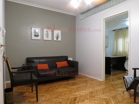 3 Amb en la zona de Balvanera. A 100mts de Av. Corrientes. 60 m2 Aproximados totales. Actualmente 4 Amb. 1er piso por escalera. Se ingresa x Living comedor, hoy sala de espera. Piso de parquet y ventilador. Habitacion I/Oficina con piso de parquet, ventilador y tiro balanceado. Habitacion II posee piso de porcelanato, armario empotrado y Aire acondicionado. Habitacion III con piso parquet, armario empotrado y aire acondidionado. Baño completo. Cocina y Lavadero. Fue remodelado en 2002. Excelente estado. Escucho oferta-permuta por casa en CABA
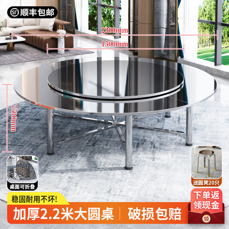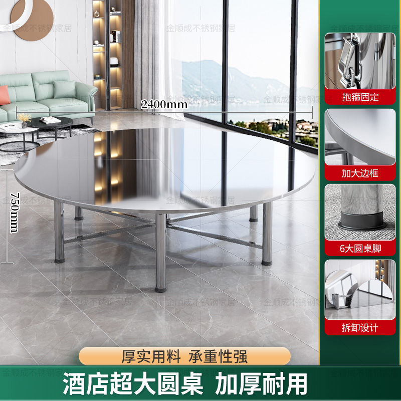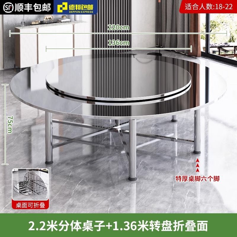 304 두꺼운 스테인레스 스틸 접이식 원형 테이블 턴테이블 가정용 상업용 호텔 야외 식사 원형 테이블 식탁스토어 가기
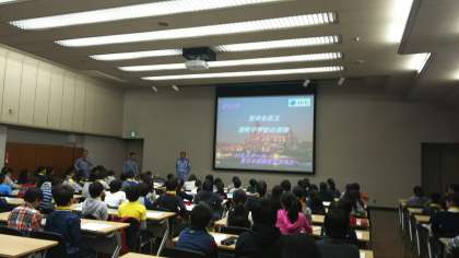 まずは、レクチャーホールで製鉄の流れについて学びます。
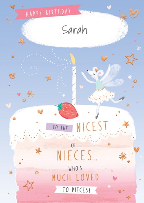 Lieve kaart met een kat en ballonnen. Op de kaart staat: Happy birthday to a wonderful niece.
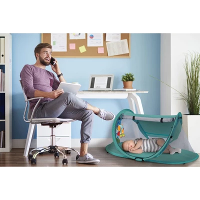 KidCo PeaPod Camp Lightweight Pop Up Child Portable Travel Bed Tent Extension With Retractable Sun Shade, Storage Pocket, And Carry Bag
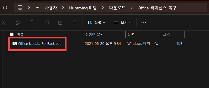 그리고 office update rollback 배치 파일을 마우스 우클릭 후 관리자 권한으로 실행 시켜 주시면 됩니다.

Task details:
Return word for word the lines of the listing above, starting at the line with "まずは、レクチャーホールで製鉄の流れについて学びます。" and ending at the line with "KidCo PeaPod Camp", both included. Pictures do not belong in the copy.

Your response:
 まずは、レクチャーホールで製鉄の流れについて学びます。
 Lieve kaart met een kat en ballonnen. Op de kaart staat: Happy birthday to a wonderful niece.
 KidCo PeaPod Camp Lightweight Pop Up Child Portable Travel Bed Tent Extension With Retractable Sun Shade, Storage Pocket, And Carry Bag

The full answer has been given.